Getting Started

Getting Started

When you think about it we are all project managers, some of us manage projects like holidays or weddings, while others launch new products, or build buildings.
Whilst the scale changes for different kinds of projects, complexity also changes as more people are affected or involved.
Here are 7 of those questions you should ask (and answer!) when initiating a project:

1. What can I do at the start to increase the likelihood of success?
This question gets you thinking about the key things to do now.
Often at the beginning, especially of big projects, people focus all their effort on planning.
While planning is important, sometimes there are actions other than "to plan" that need to be done early.

2. What skills will I need to complete this project, and who are the right people for the team?
Seldom can we do it alone - and on big projects this question will get asked many times during the course of the project.
Getting the right people with the right skills on your team is critical and needs to be done as soon as you can.

3. How do I influence and persuade these people to be committed to the project?
It is one thing to identify the people you want on your team. It is another to help them understand why you want them, the roles they can play, and influence them to choose to be involved when they have other competing interests and opportunities.
Even in settings where people are placed on or assigned to a team, you need to think about how you will gain their commitment, involvement and passion in the project outcomes.

4. What are the major deliverables for this project?
A key part of any project plan is to outline what the outcomes will be.
Answering this question is a critical part of your project planning, and sometimes overlooked as people focus only on the end result, not considering the major deliverables along the way.
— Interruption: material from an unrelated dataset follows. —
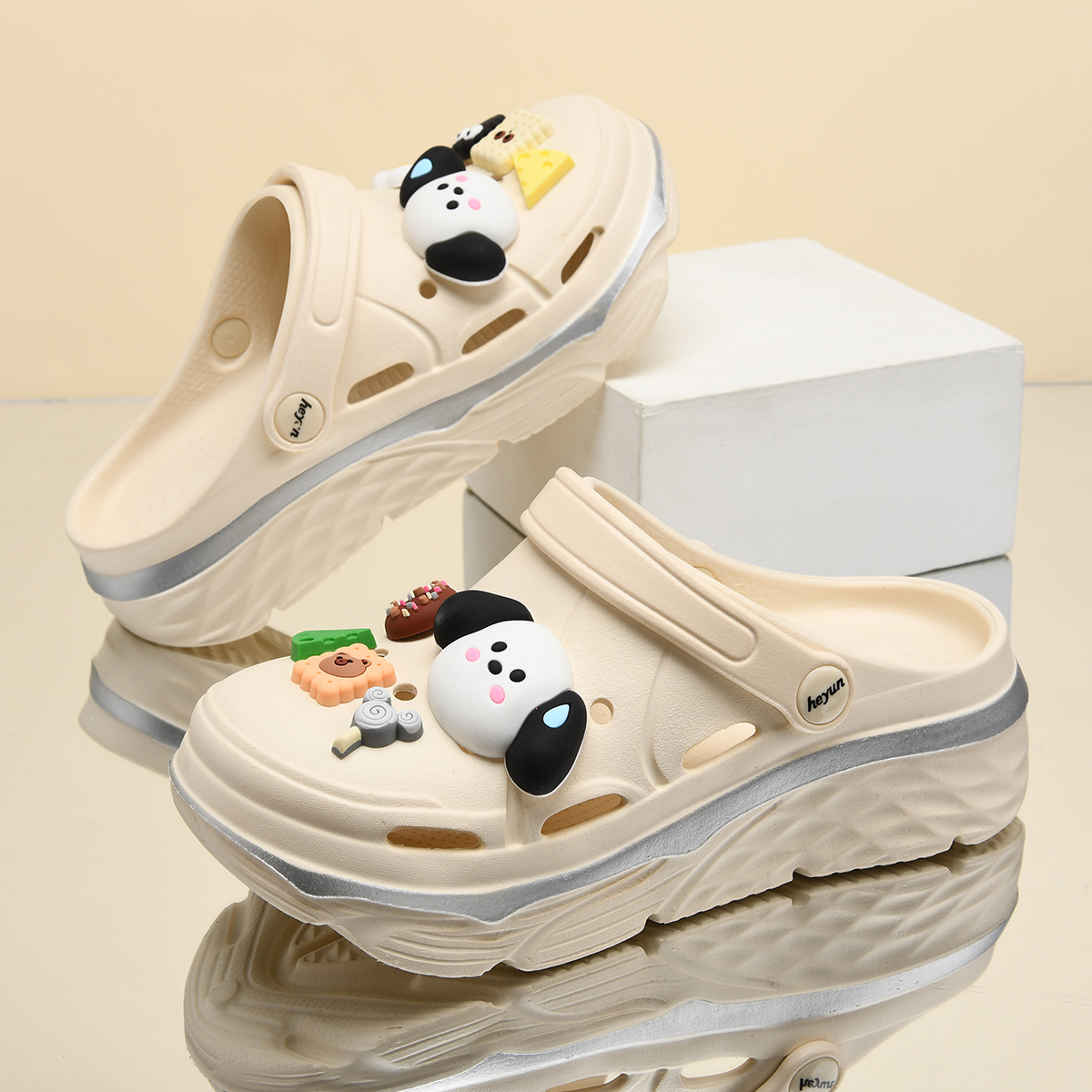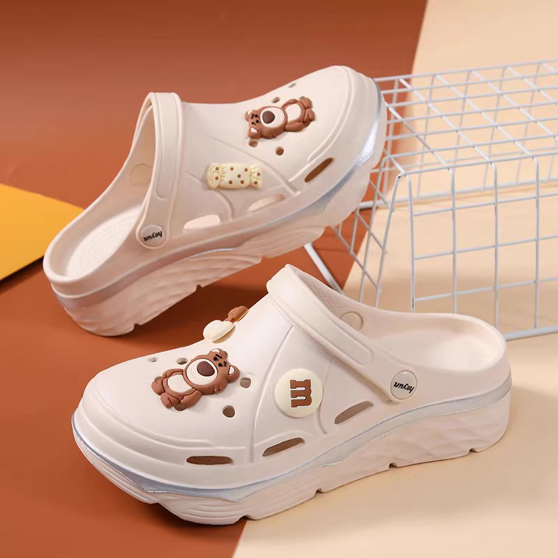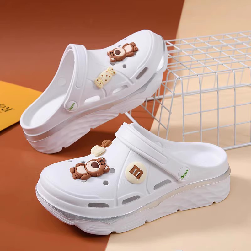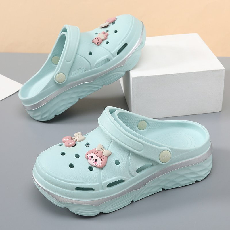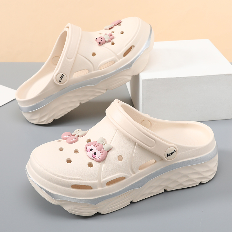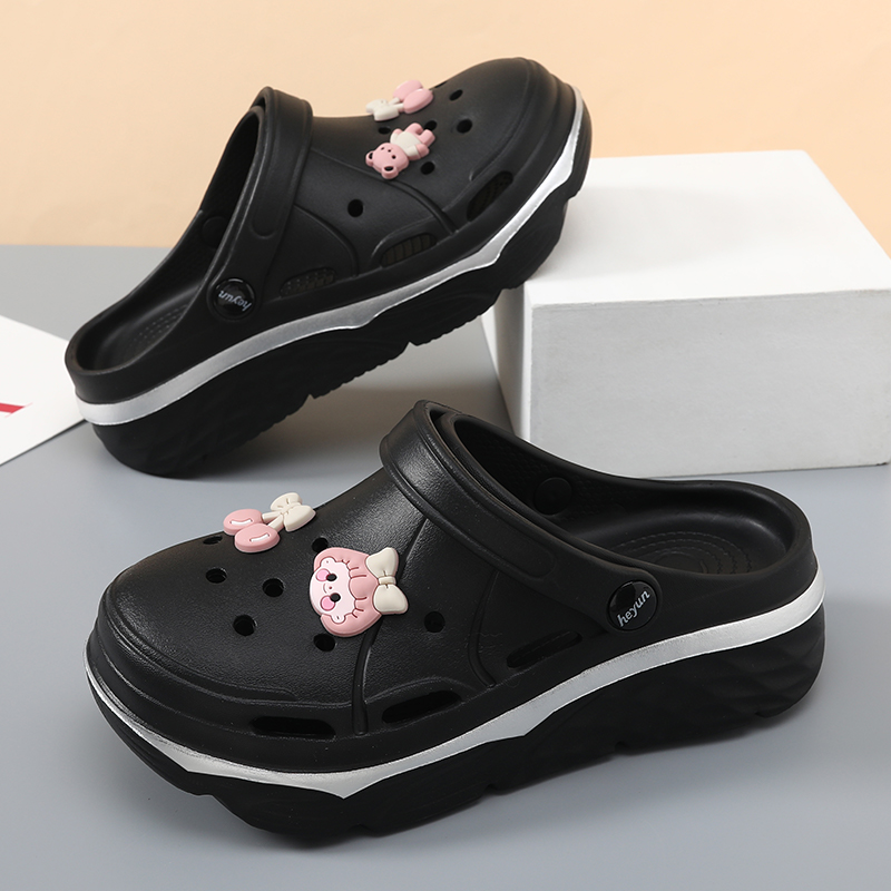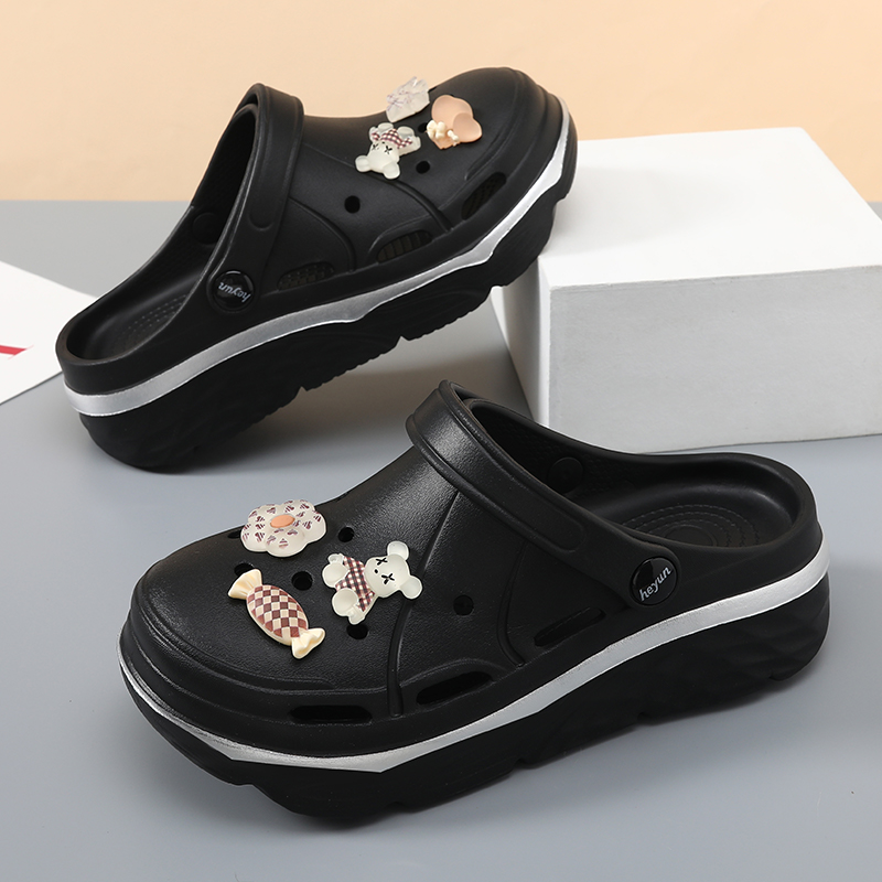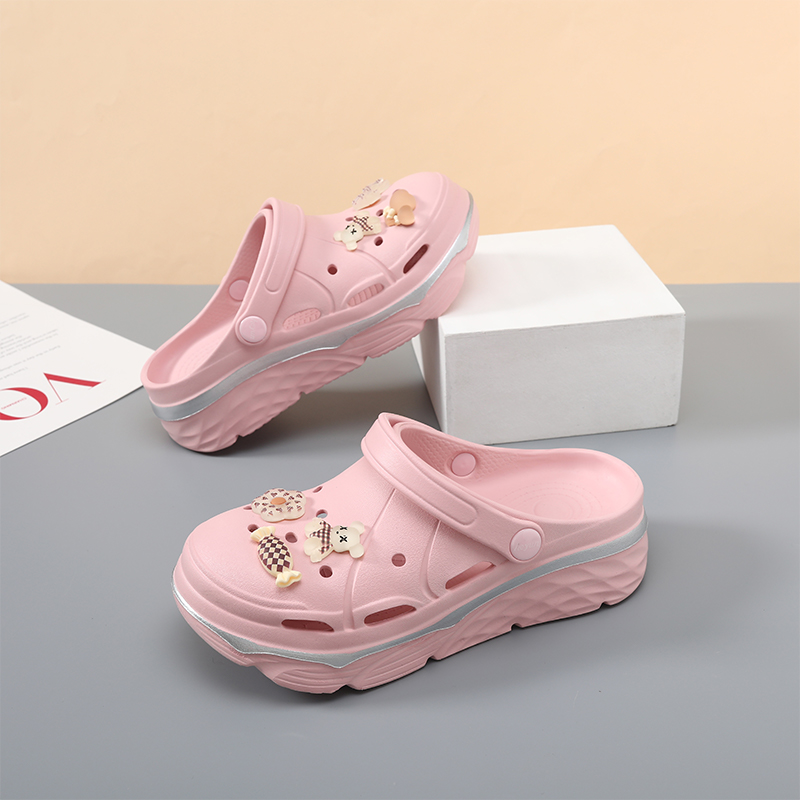 여성용 Croc Shoes 2023 새로운 두꺼운 밑창 샌들, 패셔너블한 아우터웨어, 똥 밟는 느낌을 증가시키는 비치 여성 샌들 및 슬리퍼

5. What are the major steps in my project plan?
Actually that is the question you want to answer, but isn't where you want to start.
Start by brainstorming - "what are all the things that will need to be done on this project?"
Don't worry that you won't think of all of them - you'll think of more later!
Get down on paper everything that you can think of first, and then ask the second question - "what are the major steps?"
From your big list you will be able to identify the key steps and then group the other steps "inside" the major steps.

6. How detailed does my plan need to be at this stage?
Think about the complexity of the project, the number of people involved and the skill and experience of those people.
All of these factors can effect the decision of how detailed to make your plan.
Make your plan detailed enough so that people are clear on the deliverables and know what is expected of them by when.
Perhaps the plan will need greater detail later and you will leave that to team members responsible for those components or maybe you need to develop that detail up front.

7. What can I do at this stage to ensure there are fewer risks during the course of the project?
Think about the end of the project for a few minutes.
Imagine today what obstacles, stumbling blocks and hurdles will have to be beaten to get to this successful completion.
Then step back and ask yourself how you can you eliminate these obstacles, bridge the roadblocks, and clear the hurdles now.
This is one of the best uses of your time at the start - to take steps to reduce or eliminate these things, before they can occur to stall or delay your project.

And finally, a key factor that separates project management from just management is that it has a final deliverable and a finite timespan, unlike management which is an ongoing process. Because of this a project manager needs a wide range of skills; often technical skills, certainly people management skills and of course - good business awareness.